Instructions to follow ->
All of the data is to be printed exactly, though the images must be left off.
++++ Source material ++++
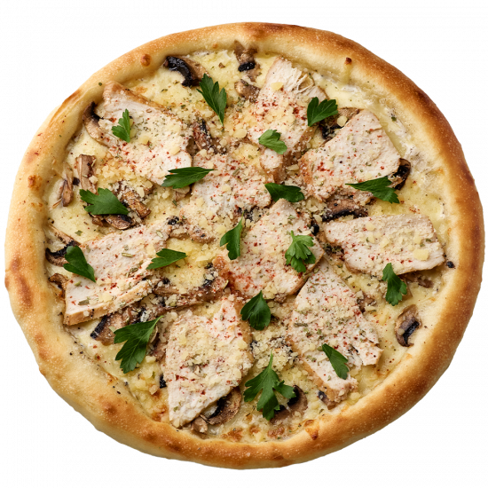 Куриное филе, Паприка копчёная, Петрушка, Сливки, Соус сливочный, Сыр пармезан, Трюфельная сальса, Шампиньоны, Сыр моцарелла, Тесто дрожжевое
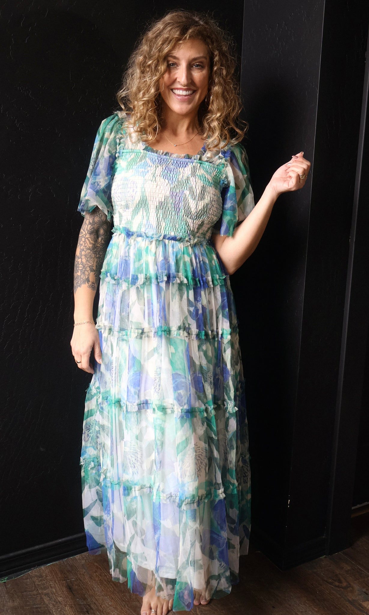 Orsola Smocked Top Mesh Ruffeld Midi Dress
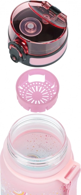 Der verriegelbare Deckel lässt keinen Tropfen auslaufen und sorgt für eine einfache, intuitive Handhabung. Teil der Flasche ist auch ein Sieb, dank dem Sie die Flasche für Limonaden mit Obst oder für Tee verwenden können (das Material ist auch für heiße Getränke geeignet). An der Flasche ist außerdem eine Schlaufe für bequemes Tragen in der Hand befestigt.
++++
Task response ->
 Куриное филе, Паприка копчёная, Петрушка, Сливки, Соус сливочный, Сыр пармезан, Трюфельная сальса, Шампиньоны, Сыр моцарелла, Тесто дрожжевое
 Orsola Smocked Top Mesh Ruffeld Midi Dress
 Der verriegelbare Deckel lässt keinen Tropfen auslaufen und sorgt für eine einfache, intuitive Handhabung. Teil der Flasche ist auch ein Sieb, dank dem Sie die Flasche für Limonaden mit Obst oder für Tee verwenden können (das Material ist auch für heiße Getränke geeignet). An der Flasche ist außerdem eine Schlaufe für bequemes Tragen in der Hand befestigt.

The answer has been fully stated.